◆ PROBLEM REQUIREMENTS:
Output each line of the listing exactly, though pictures are not to appear.

*** Opening INPUT DATA ***

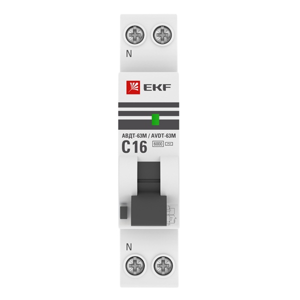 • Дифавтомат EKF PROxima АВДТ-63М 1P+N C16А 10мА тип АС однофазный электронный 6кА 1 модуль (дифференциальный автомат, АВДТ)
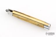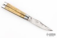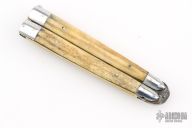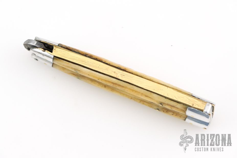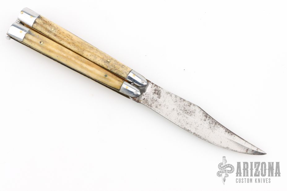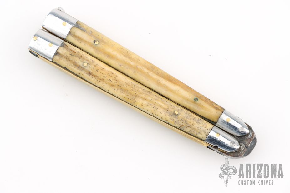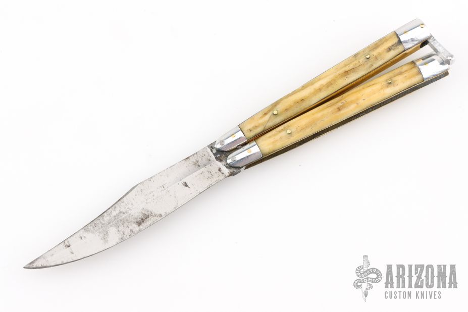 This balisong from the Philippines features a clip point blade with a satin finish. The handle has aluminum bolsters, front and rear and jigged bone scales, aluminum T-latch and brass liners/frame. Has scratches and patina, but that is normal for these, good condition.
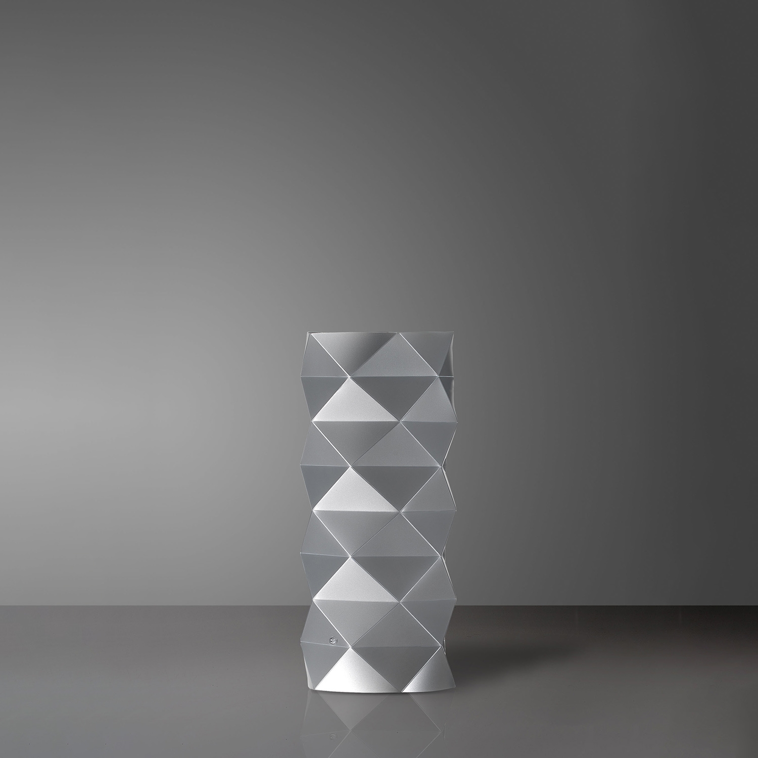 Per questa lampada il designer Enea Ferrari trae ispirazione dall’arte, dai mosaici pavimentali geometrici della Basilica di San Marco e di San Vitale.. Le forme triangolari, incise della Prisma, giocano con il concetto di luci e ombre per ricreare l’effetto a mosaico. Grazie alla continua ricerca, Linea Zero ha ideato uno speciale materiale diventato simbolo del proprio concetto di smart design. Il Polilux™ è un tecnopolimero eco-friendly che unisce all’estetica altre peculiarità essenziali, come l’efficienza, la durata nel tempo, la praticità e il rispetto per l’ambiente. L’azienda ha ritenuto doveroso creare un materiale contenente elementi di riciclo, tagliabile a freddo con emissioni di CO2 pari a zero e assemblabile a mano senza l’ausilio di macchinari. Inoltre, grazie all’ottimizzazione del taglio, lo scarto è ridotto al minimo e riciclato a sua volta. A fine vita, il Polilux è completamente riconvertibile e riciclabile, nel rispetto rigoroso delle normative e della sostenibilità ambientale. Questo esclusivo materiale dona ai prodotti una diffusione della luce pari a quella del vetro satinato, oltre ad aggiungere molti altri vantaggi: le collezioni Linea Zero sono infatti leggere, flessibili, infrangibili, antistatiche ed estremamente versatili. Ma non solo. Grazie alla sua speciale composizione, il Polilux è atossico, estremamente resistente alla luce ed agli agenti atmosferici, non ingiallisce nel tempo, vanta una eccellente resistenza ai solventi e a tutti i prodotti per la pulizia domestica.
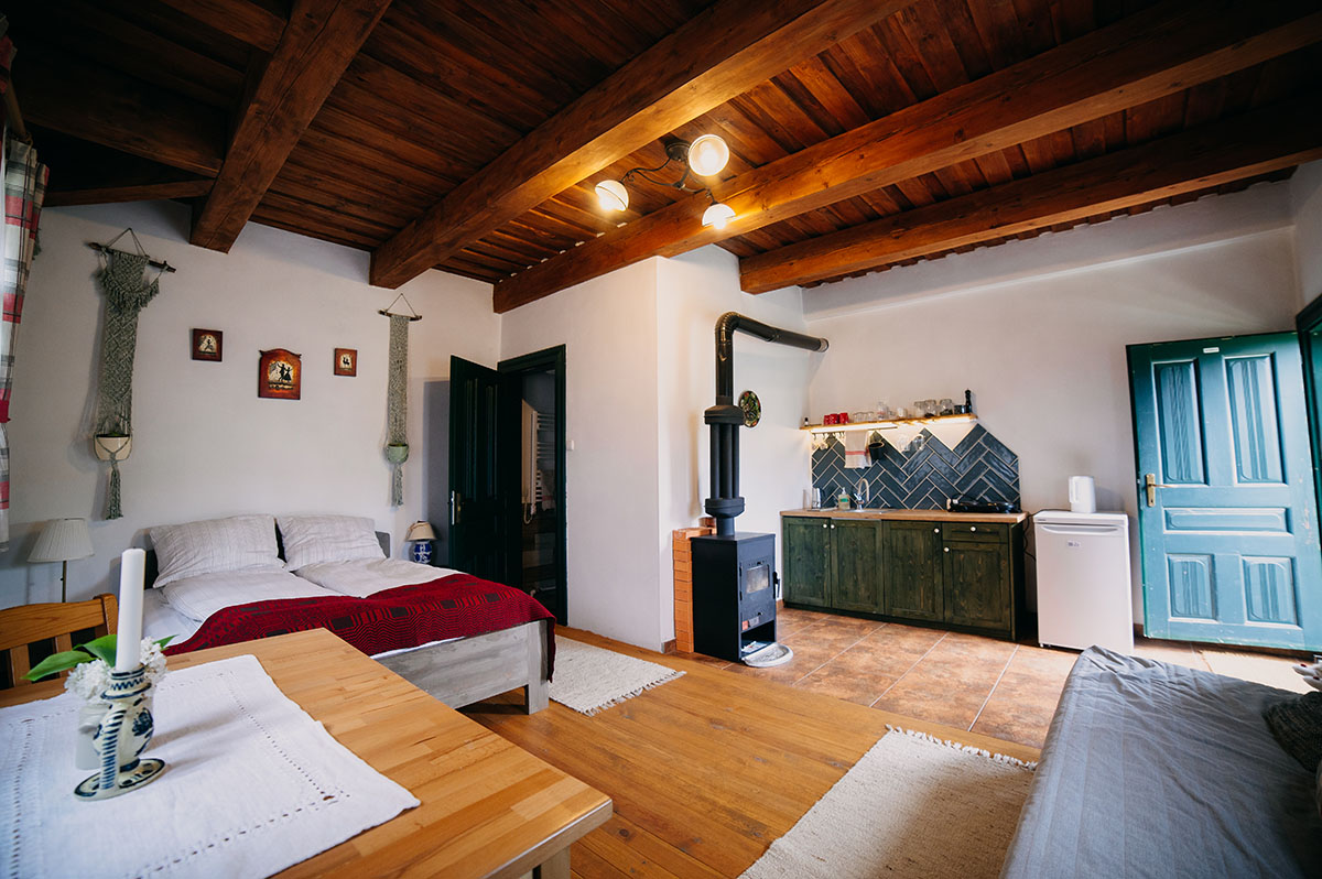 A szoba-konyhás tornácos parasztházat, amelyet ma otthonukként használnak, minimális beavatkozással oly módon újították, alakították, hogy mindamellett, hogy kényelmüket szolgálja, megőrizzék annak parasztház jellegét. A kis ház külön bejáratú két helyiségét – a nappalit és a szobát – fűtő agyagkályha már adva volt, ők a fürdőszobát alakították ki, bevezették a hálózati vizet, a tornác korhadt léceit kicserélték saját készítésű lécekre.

*** Closing INPUT DATA ***

◆ FINISHED TASK:
 • Дифавтомат EKF PROxima АВДТ-63М 1P+N C16А 10мА тип АС однофазный электронный 6кА 1 модуль (дифференциальный автомат, АВДТ)
 This balisong from the Philippines features a clip point blade with a satin finish. The handle has aluminum bolsters, front and rear and jigged bone scales, aluminum T-latch and brass liners/frame. Has scratches and patina, but that is normal for these, good condition.
 Per questa lampada il designer Enea Ferrari trae ispirazione dall’arte, dai mosaici pavimentali geometrici della Basilica di San Marco e di San Vitale.. Le forme triangolari, incise della Prisma, giocano con il concetto di luci e ombre per ricreare l’effetto a mosaico. Grazie alla continua ricerca, Linea Zero ha ideato uno speciale materiale diventato simbolo del proprio concetto di smart design. Il Polilux™ è un tecnopolimero eco-friendly che unisce all’estetica altre peculiarità essenziali, come l’efficienza, la durata nel tempo, la praticità e il rispetto per l’ambiente. L’azienda ha ritenuto doveroso creare un materiale contenente elementi di riciclo, tagliabile a freddo con emissioni di CO2 pari a zero e assemblabile a mano senza l’ausilio di macchinari. Inoltre, grazie all’ottimizzazione del taglio, lo scarto è ridotto al minimo e riciclato a sua volta. A fine vita, il Polilux è completamente riconvertibile e riciclabile, nel rispetto rigoroso delle normative e della sostenibilità ambientale. Questo esclusivo materiale dona ai prodotti una diffusione della luce pari a quella del vetro satinato, oltre ad aggiungere molti altri vantaggi: le collezioni Linea Zero sono infatti leggere, flessibili, infrangibili, antistatiche ed estremamente versatili. Ma non solo. Grazie alla sua speciale composizione, il Polilux è atossico, estremamente resistente alla luce ed agli agenti atmosferici, non ingiallisce nel tempo, vanta una eccellente resistenza ai solventi e a tutti i prodotti per la pulizia domestica.
 A szoba-konyhás tornácos parasztházat, amelyet ma otthonukként használnak, minimális beavatkozással oly módon újították, alakították, hogy mindamellett, hogy kényelmüket szolgálja, megőrizzék annak parasztház jellegét. A kis ház külön bejáratú két helyiségét – a nappalit és a szobát – fűtő agyagkályha már adva volt, ők a fürdőszobát alakították ki, bevezették a hálózati vizet, a tornác korhadt léceit kicserélték saját készítésű lécekre.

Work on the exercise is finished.